Nikon P900 at 300mm equivalent field of view. Sports mode. 1/800th @ ISO 100 @ f5. Processed and cropped slightly for scale in Lightroom.

Gopher Tortoise, Washington Oaks Gardens State Park, Florida
This is the business end of what I think is a large Gopher Tortoise that was crossing the road on the way into Washington Oaks Gardens State Park in Florida when we visited yesterday. I lead a photo excursion there on Sunday with the Florida Birding and Photo Fest and need to “scout”.
This turtle was fast and fearless. And hungry. It was eating some herb growing in the grass of the median. This shot was taken from inches away.
Sony HX90V at 100mm equivalent field of view. 1/320th @ ISO 80 @ f5. Processed in Lightroom.

Chipmunk, Wells National Estuarine Research Center at Laudholm Farms, Wells ME
This bold little Chipmunk at the Wells National Estuarine Research Center at Laudholm Farms in Wells Maine apparently thought he could drive me off if he got close enough. He steadily advanced around the base of a tree. Here he is about 8 feet away, and I had to zoom back to get his full body in the frame. I already had my close focusing P610 out, having just photographed an Spring Azure Butterfly. The light was really lovely.
Nikon P610 at 900mm equivalent field of view. 1/250th @ ISO 160 @ f5.6. Processed in Lightroom.

Black-crowned Night Heron, Factory to Pasture Pond, Kennebunk ME
“If your eye is generous, your whole being is full of light!” Jesus
I am pretty sure this Black-crowned Night Heron has nested at Factory to Pasture Pond for at least four years. At the very least, I have seen it (or another BCNH) there, spring and summer, for each of those years. Now Factory to Pasture Pond is my own name for the place, and it makes it sound much grander than it is. It is actually just a little wetland caught between Factory to Pasture Road and two paved parking lots…the remnant, perhaps of a more extensive wetland that was bisected by the road and contained by pavement years ago. I visit it regularly for dragonflies in the summer.

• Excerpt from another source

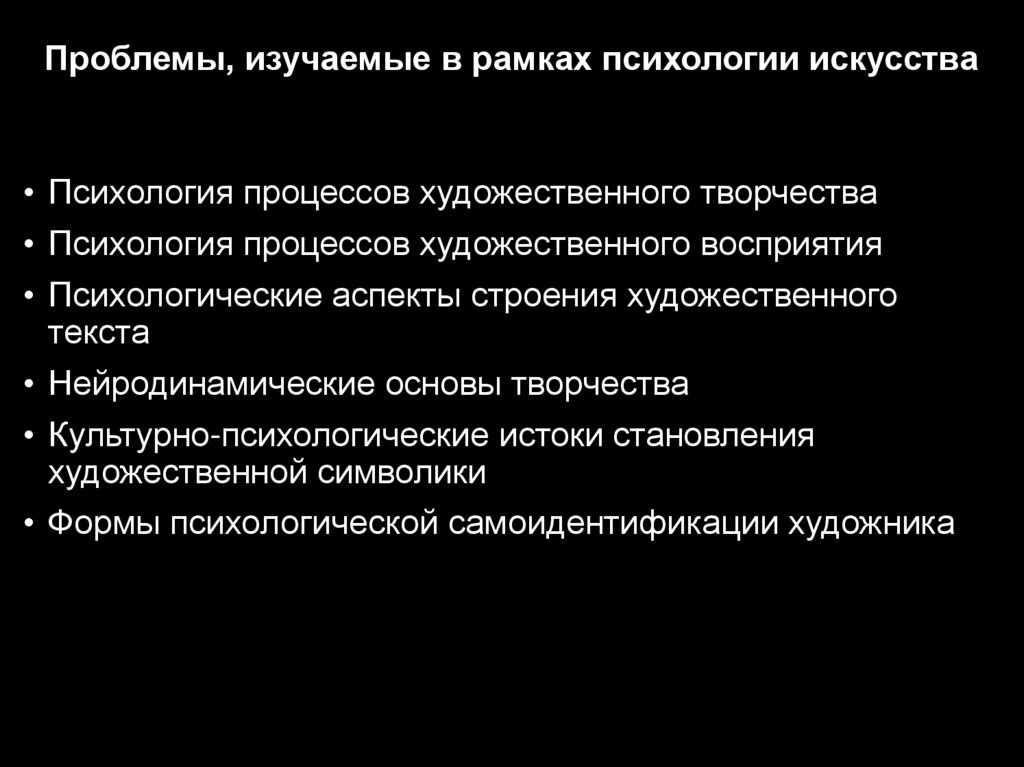 Проблемы, изучаемые в рамках психологии искусства• Психология процессов художественного творчества

There are turtles, and, at least arguably, Black-crowned Night Herons, and a variety of other common nesting birds…but it is surrounded by factory buildings on 3 sides. By August, in a hot dry summer, it can shrink by a third, but it is a year round pond. And it is only a few blocks from Main Street Kennebunk…definitely “in-town”…not exactly urban, since we are talking a village of 5612 here, but pretty close. 5612 humans and at least two Black-crowned Night Herons. 🙂
I am always amazed at how resilient the creation is. We can pave it. We can cover it over with factory buildings and our houses. We can till it and plant all manner of intensive crops. We can ditch and drain wetlands. We can channelize rivers. We can rearrange and manage the landscape to meet our needs and purposes. But creation, what we call nature, always finds a way back in. Roots crack pavement. Water seeps under roads. Silt fills channels and willows and cattails grow. Great Horned Owls nest in cemeteries. Black-crowned Night Herons nest in parks and on golf courses…and in tiny remnant wetlands right in town. The generous eye sees all this reclaiming of the space we think of as our own, as human space, as a good thing. Creation refusing to take no for an answer. Creation reminding us, always, that we a part and parcel of all that lives, and that all that lives is essential to our being…to our being filled with light and life and hope.
So, seeing the Black-crowned Night Heron at Factory to Pasture Pond in down-town Kennebunk delights me. It is what the generous eye delights to see. Happy Sunday!